Extracted data entries
'''
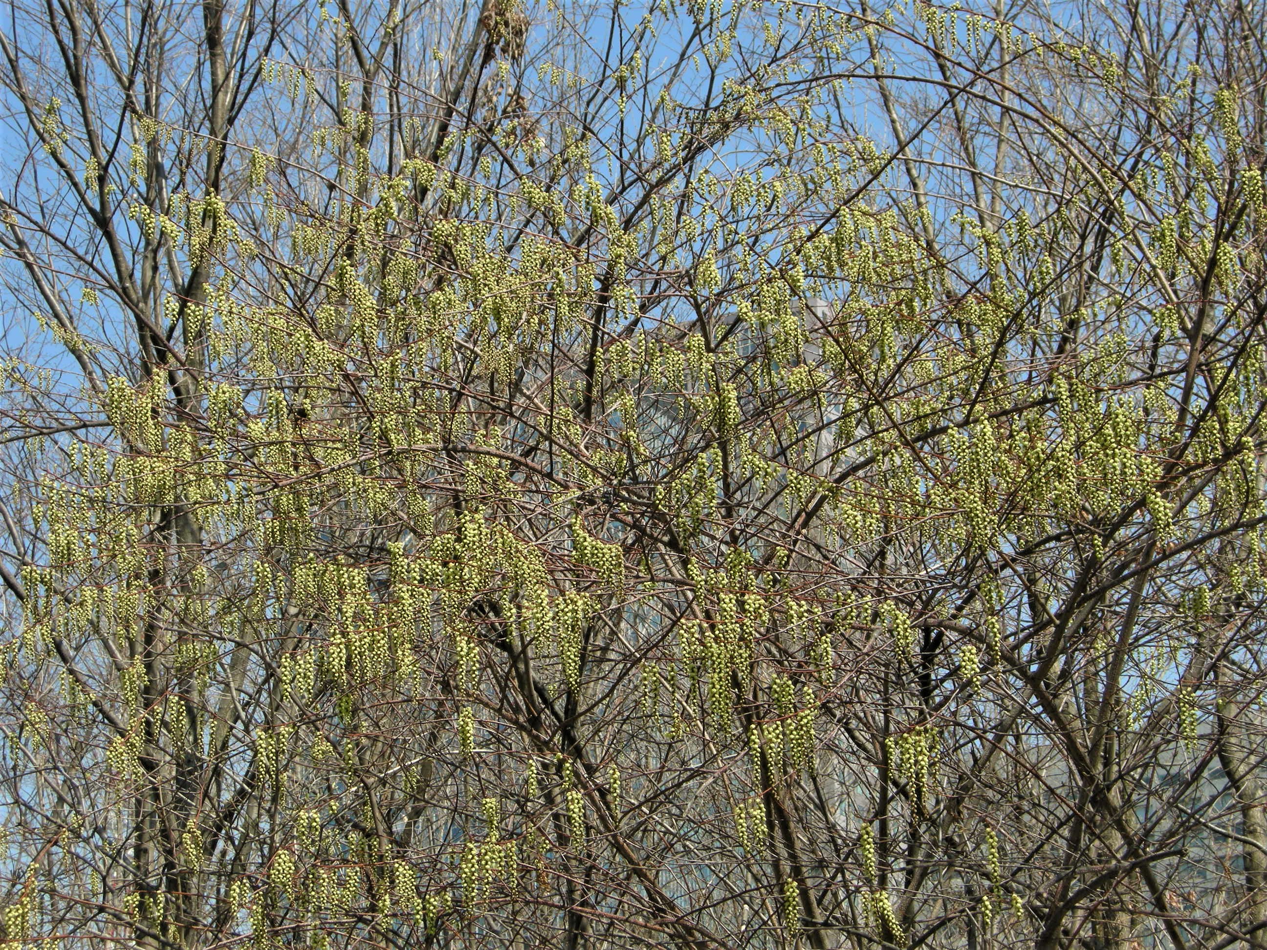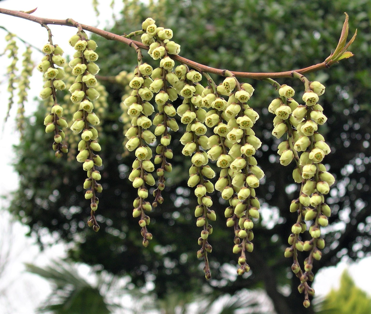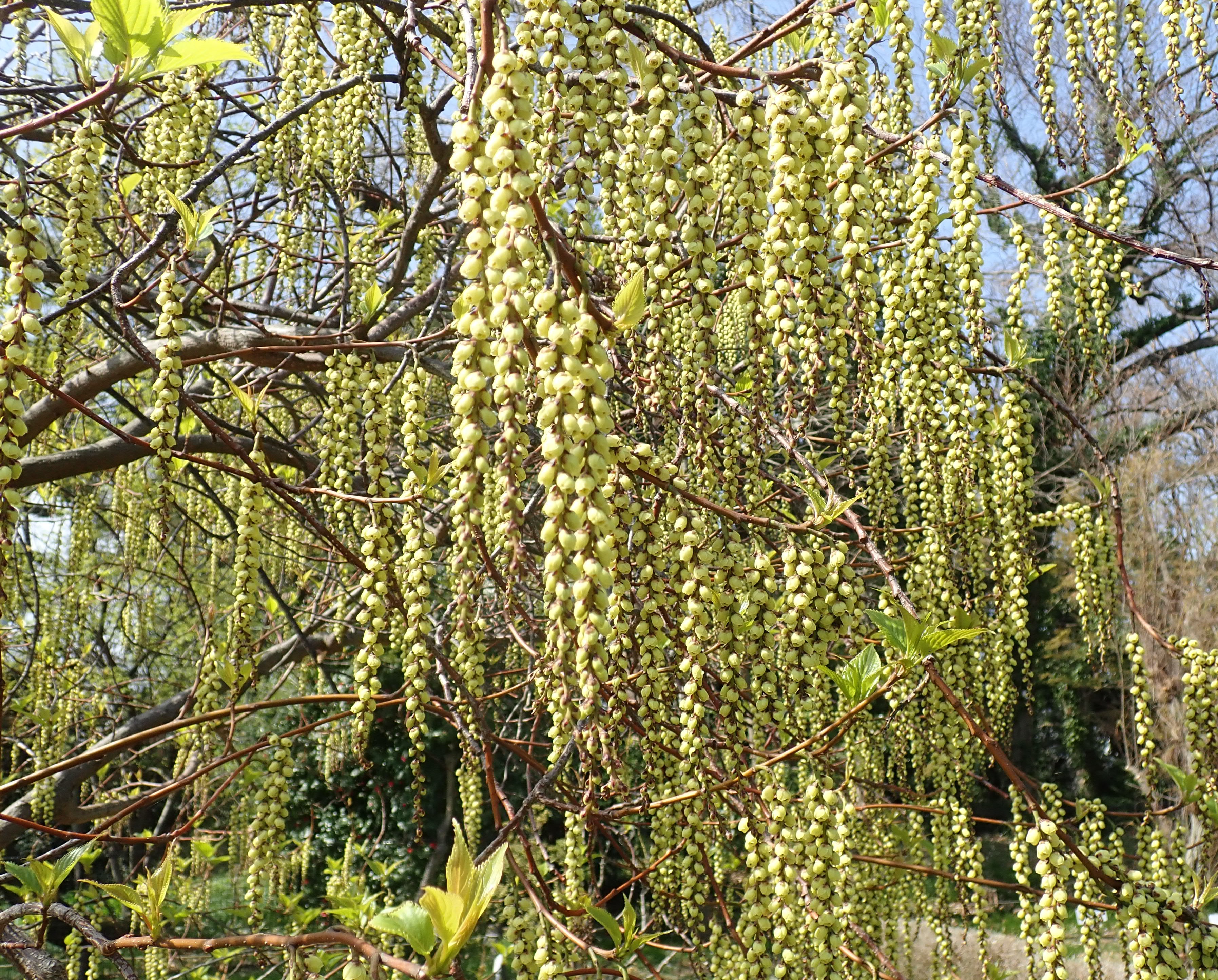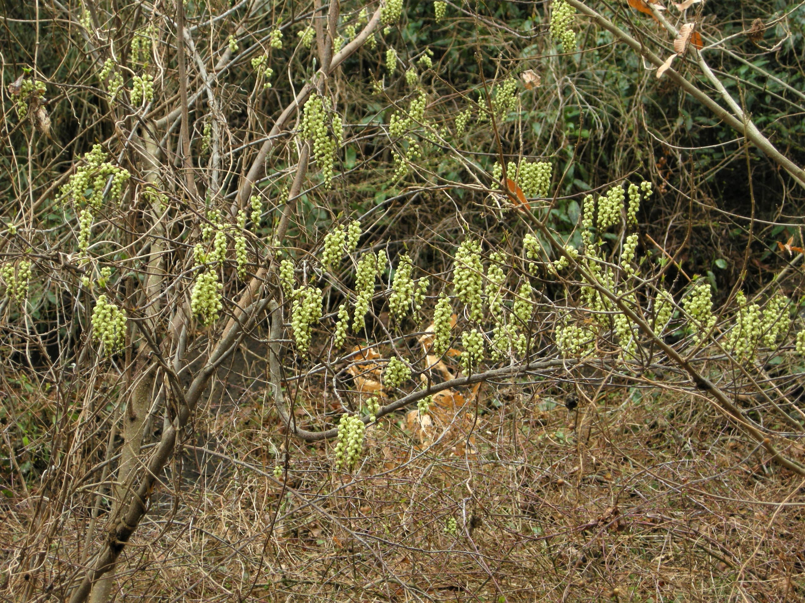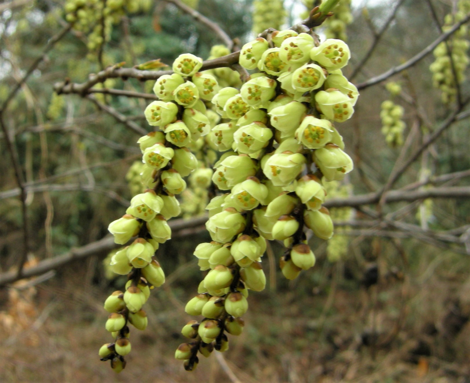 早春の雑木林の林縁で、簾のように花穂が垂れ下がります。思わず足を止めてしまう方も多いのではないでしょうか。垂れ下がる花穂の姿を藤に見立てての名前という説もあります。キブシ、漢字では木五倍子と書きます。
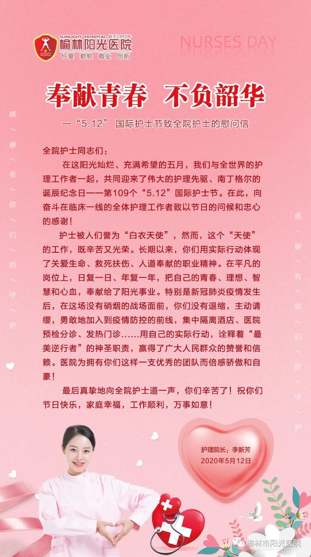 没有掌声、没有鲜花、没有待遇,甚至有时连尊严也没有,但这个职业非常伟大。今天,请将目光投向默默忙碌、可爱可敬的天使们,用一声感谢,一点理解,一份尊重,在属于他们的节日榆林阳光医院祝天下所有护士节日快乐,家庭幸福,工作顺利,完事如意!
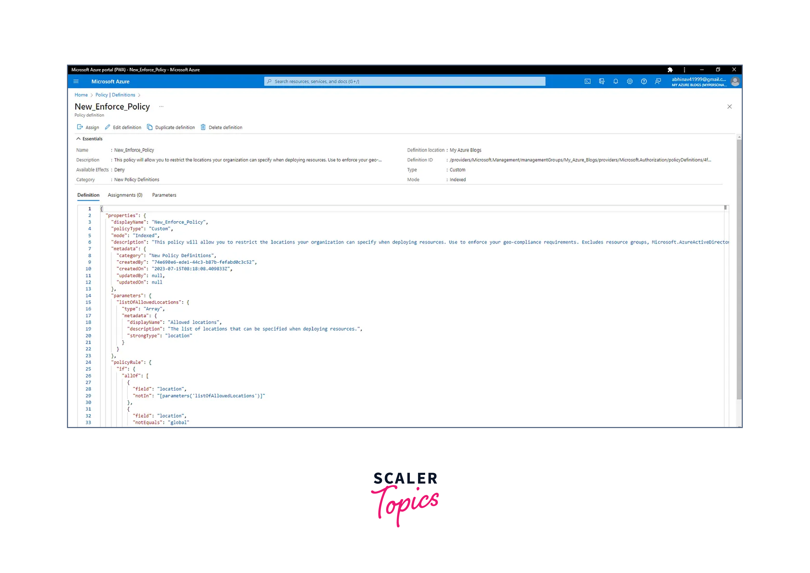 - Once you have selected or created a policy definition, assign it to your resources. Navigate to ‘Assignments’ in Azure Policy.
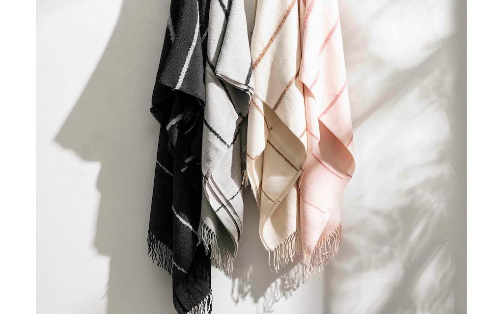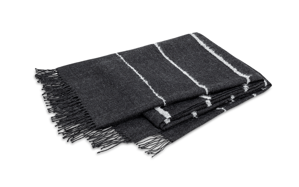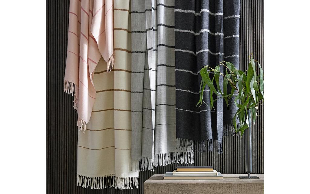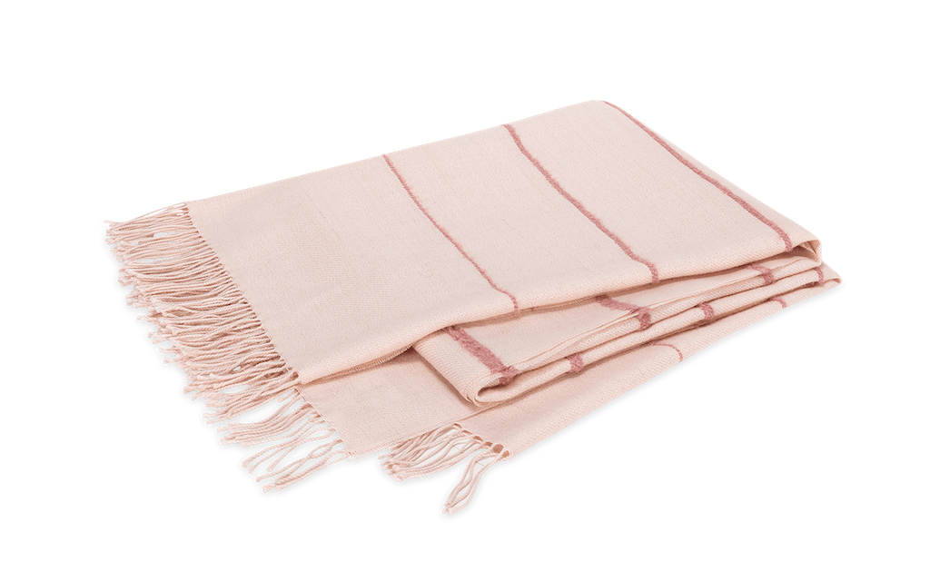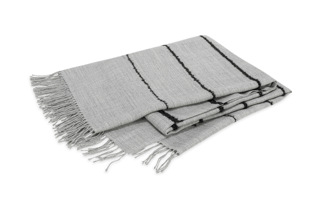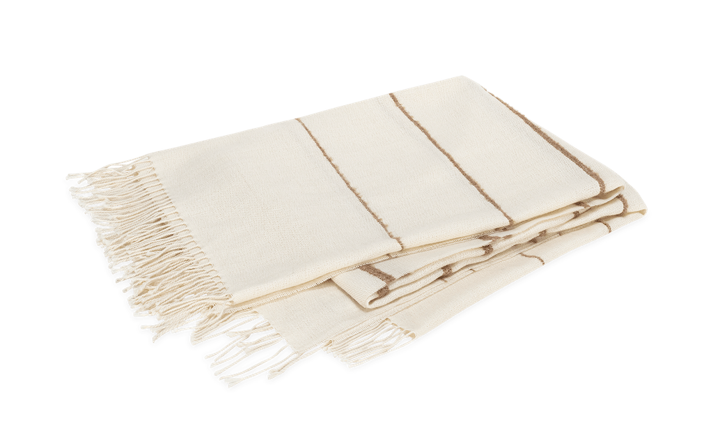 Matouk's Amelia Stripe is a throw and a luxurious travel wrap. Amelia features a boucle stripe in a basketweave pattern. Throw has a fringe finish. Available in several colors. 100% Baby Alpaca. Made in Peru.
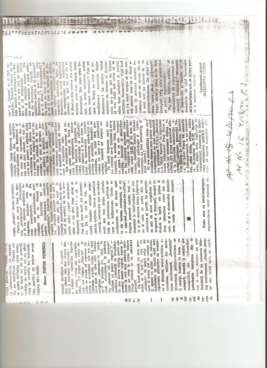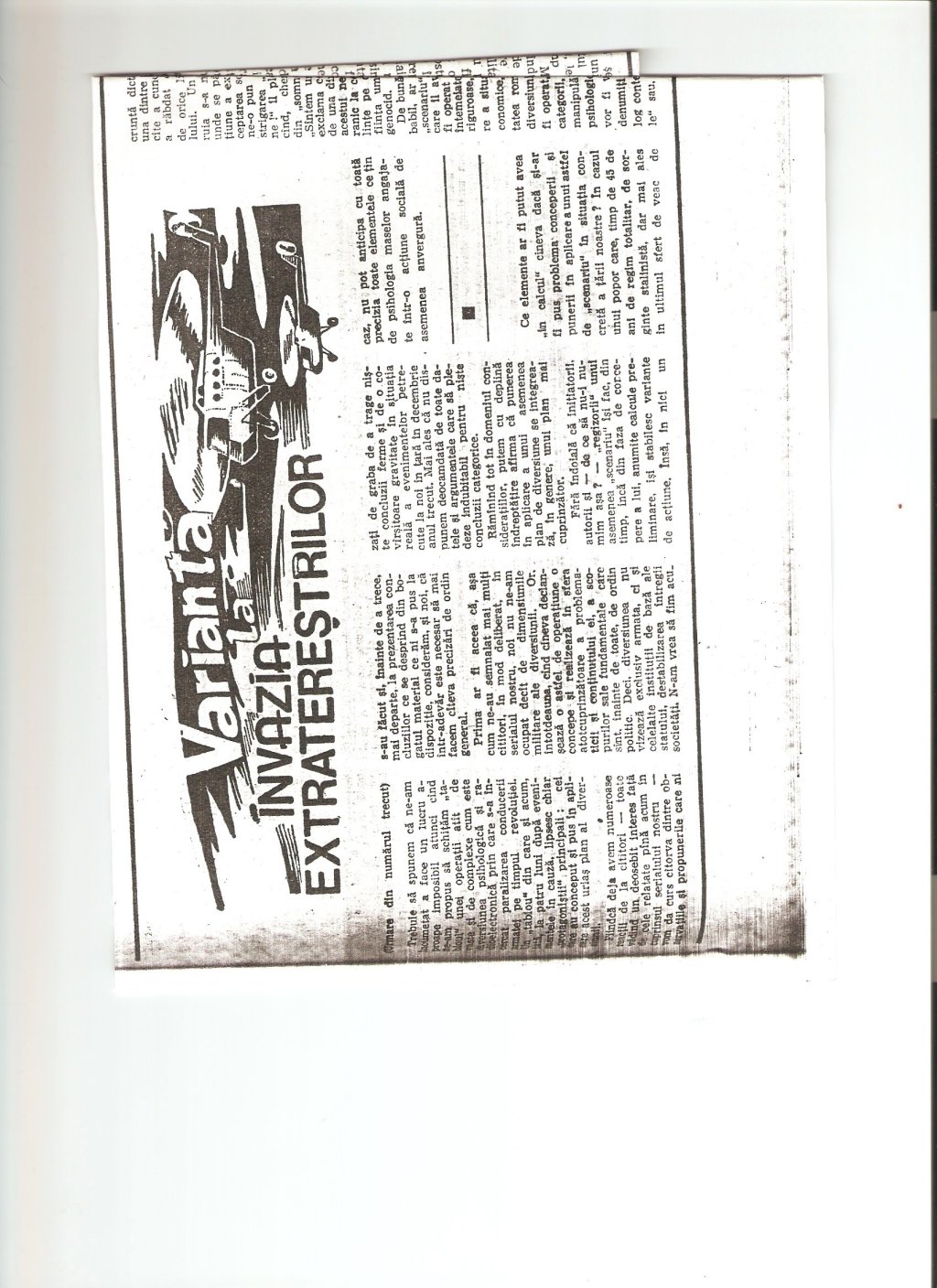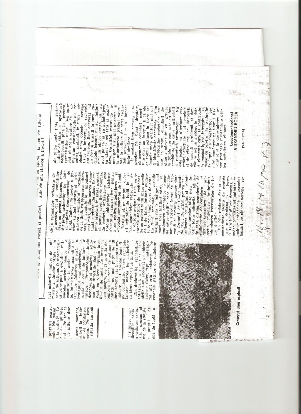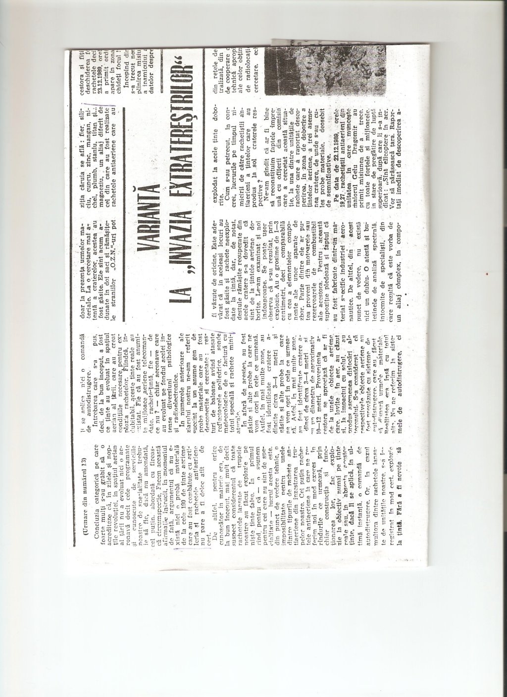 Locotenent-colonel Alexandru Bodea, “Varianta la Invazia Extraterestrilor,” Armata Poporului, nr. 12 (21 martie 1990), p. 4.
'''
= Task to carry out =
Going from the line holding "Matouk's Amelia Stripe" to the last line of the data above, reproduce every line exactly, both included, with the pictures omitted.

= Result of the task =
 Matouk's Amelia Stripe is a throw and a luxurious travel wrap. Amelia features a boucle stripe in a basketweave pattern. Throw has a fringe finish. Available in several colors. 100% Baby Alpaca. Made in Peru.
 Locotenent-colonel Alexandru Bodea, “Varianta la Invazia Extraterestrilor,” Armata Poporului, nr. 12 (21 martie 1990), p. 4.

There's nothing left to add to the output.